**WHAT IS BEING ASKED:**
Write out exactly the lines from the one with "再看几个房间的设置分布,双套" through the last line of the data below, but not the pictures.
====== TASK INPUTS ======
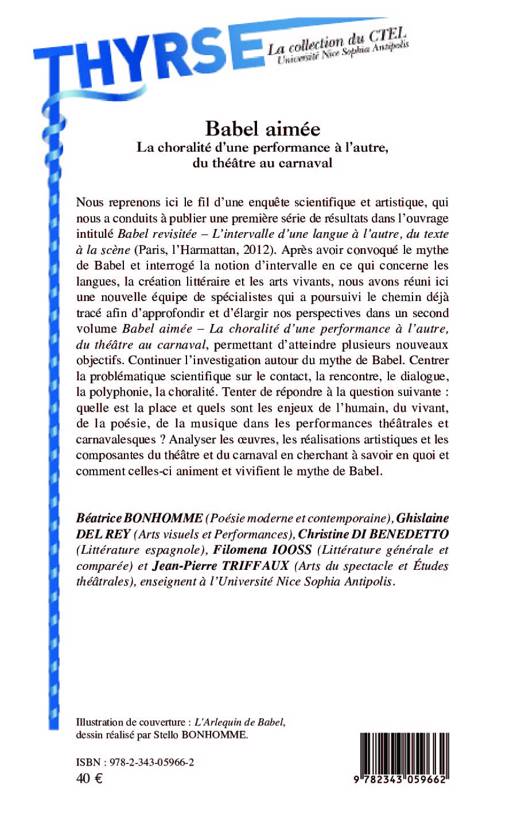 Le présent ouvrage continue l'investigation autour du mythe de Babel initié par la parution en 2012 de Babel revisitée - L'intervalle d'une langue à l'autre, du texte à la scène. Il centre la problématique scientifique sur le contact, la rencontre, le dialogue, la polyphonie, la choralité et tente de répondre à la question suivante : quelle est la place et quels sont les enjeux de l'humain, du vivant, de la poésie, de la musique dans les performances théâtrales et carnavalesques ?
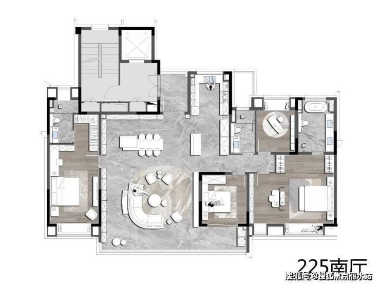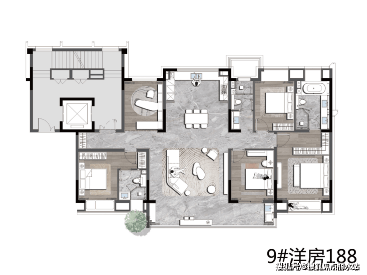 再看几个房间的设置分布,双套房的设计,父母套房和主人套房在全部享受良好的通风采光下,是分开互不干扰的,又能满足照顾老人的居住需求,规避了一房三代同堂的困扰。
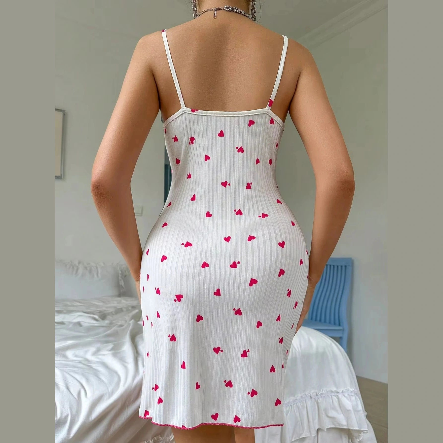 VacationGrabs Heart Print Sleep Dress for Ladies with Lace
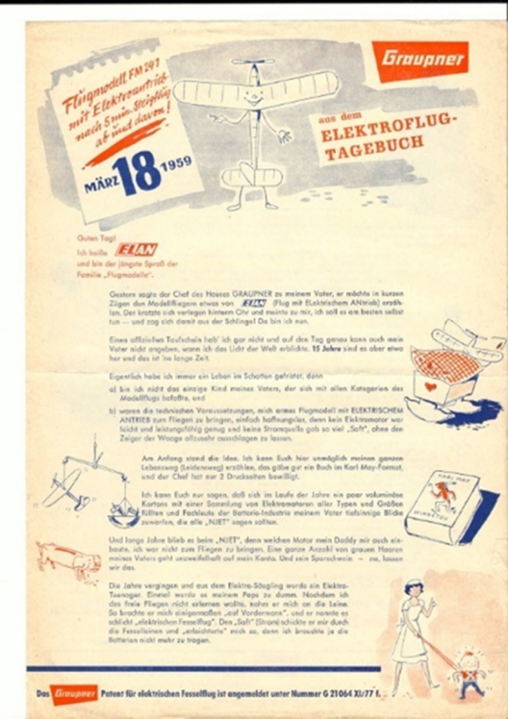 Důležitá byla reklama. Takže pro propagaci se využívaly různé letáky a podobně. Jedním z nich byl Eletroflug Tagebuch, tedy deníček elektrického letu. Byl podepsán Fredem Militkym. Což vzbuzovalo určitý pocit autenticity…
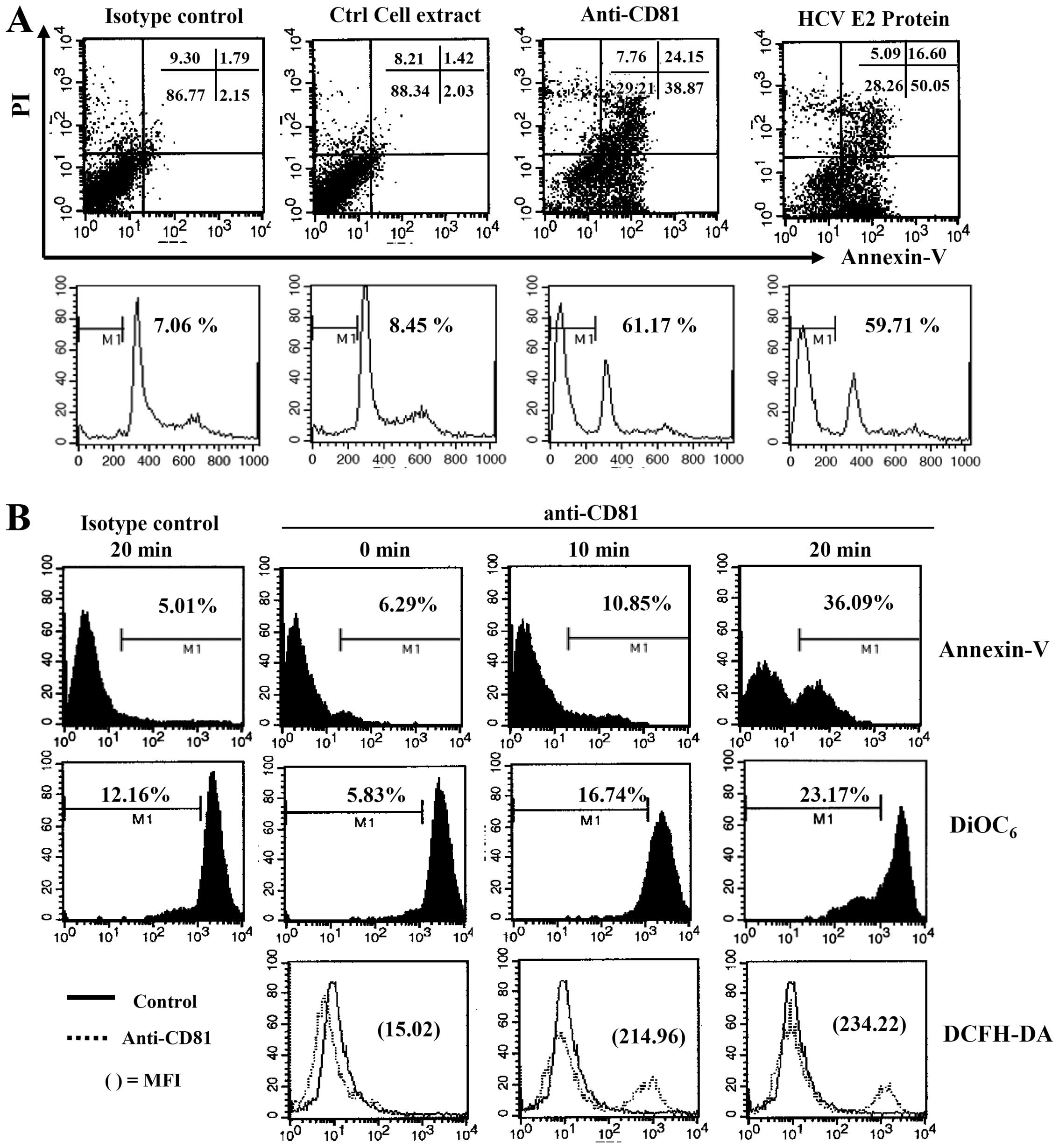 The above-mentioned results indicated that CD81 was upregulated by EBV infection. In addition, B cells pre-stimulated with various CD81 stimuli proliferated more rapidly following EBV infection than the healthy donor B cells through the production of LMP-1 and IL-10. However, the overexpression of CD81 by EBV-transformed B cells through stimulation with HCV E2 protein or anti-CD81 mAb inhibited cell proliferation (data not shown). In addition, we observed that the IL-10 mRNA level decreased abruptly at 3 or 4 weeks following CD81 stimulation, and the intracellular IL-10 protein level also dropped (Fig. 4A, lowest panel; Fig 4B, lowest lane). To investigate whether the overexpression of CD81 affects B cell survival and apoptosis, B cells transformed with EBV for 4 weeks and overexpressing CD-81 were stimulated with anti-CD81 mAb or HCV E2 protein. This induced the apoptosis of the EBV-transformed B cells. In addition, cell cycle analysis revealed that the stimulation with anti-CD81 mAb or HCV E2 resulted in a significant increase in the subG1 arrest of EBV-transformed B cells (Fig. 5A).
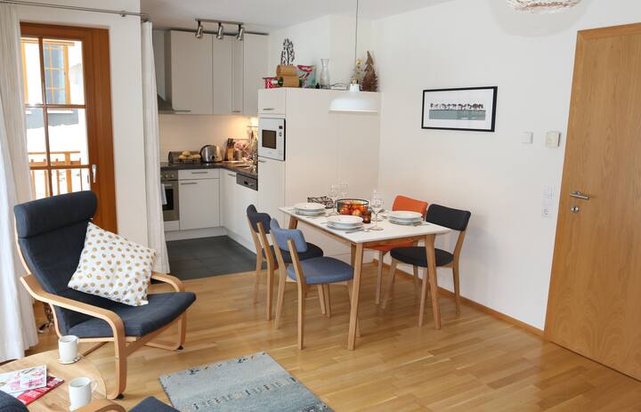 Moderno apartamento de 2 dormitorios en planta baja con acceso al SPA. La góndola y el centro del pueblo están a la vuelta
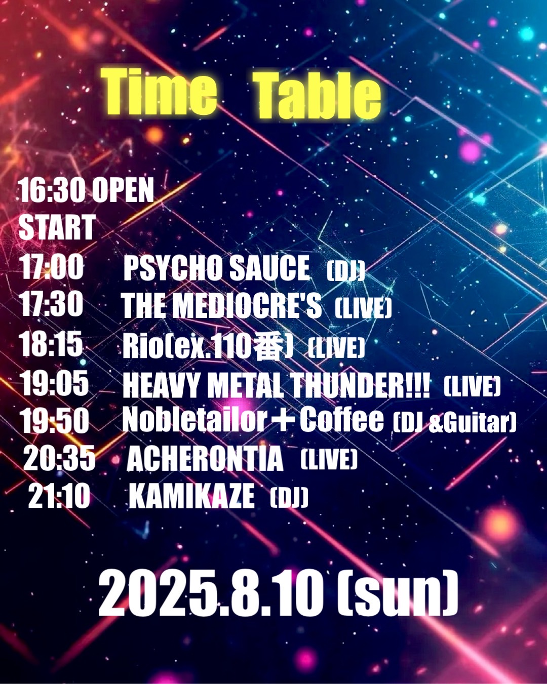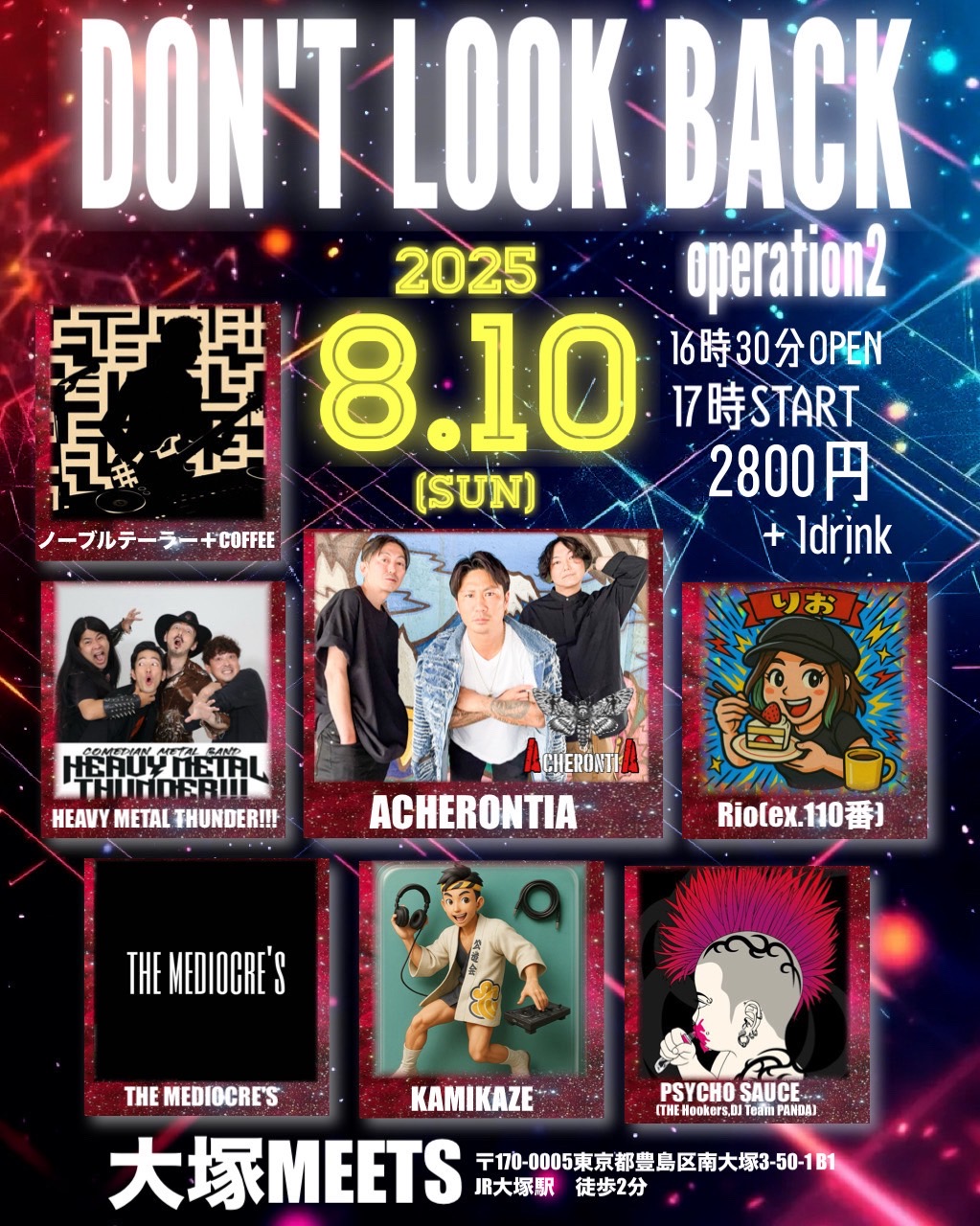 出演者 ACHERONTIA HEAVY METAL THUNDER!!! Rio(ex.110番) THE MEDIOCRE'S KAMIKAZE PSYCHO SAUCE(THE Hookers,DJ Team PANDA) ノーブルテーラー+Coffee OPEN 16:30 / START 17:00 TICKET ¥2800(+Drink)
======
**RESULT OF THE TASK:**
 再看几个房间的设置分布,双套房的设计,父母套房和主人套房在全部享受良好的通风采光下,是分开互不干扰的,又能满足照顾老人的居住需求,规避了一房三代同堂的困扰。
 VacationGrabs Heart Print Sleep Dress for Ladies with Lace
 Důležitá byla reklama. Takže pro propagaci se využívaly různé letáky a podobně. Jedním z nich byl Eletroflug Tagebuch, tedy deníček elektrického letu. Byl podepsán Fredem Militkym. Což vzbuzovalo určitý pocit autenticity…
 The above-mentioned results indicated that CD81 was upregulated by EBV infection. In addition, B cells pre-stimulated with various CD81 stimuli proliferated more rapidly following EBV infection than the healthy donor B cells through the production of LMP-1 and IL-10. However, the overexpression of CD81 by EBV-transformed B cells through stimulation with HCV E2 protein or anti-CD81 mAb inhibited cell proliferation (data not shown). In addition, we observed that the IL-10 mRNA level decreased abruptly at 3 or 4 weeks following CD81 stimulation, and the intracellular IL-10 protein level also dropped (Fig. 4A, lowest panel; Fig 4B, lowest lane). To investigate whether the overexpression of CD81 affects B cell survival and apoptosis, B cells transformed with EBV for 4 weeks and overexpressing CD-81 were stimulated with anti-CD81 mAb or HCV E2 protein. This induced the apoptosis of the EBV-transformed B cells. In addition, cell cycle analysis revealed that the stimulation with anti-CD81 mAb or HCV E2 resulted in a significant increase in the subG1 arrest of EBV-transformed B cells (Fig. 5A).
 Moderno apartamento de 2 dormitorios en planta baja con acceso al SPA. La góndola y el centro del pueblo están a la vuelta
 出演者 ACHERONTIA HEAVY METAL THUNDER!!! Rio(ex.110番) THE MEDIOCRE'S KAMIKAZE PSYCHO SAUCE(THE Hookers,DJ Team PANDA) ノーブルテーラー+Coffee OPEN 16:30 / START 17:00 TICKET ¥2800(+Drink)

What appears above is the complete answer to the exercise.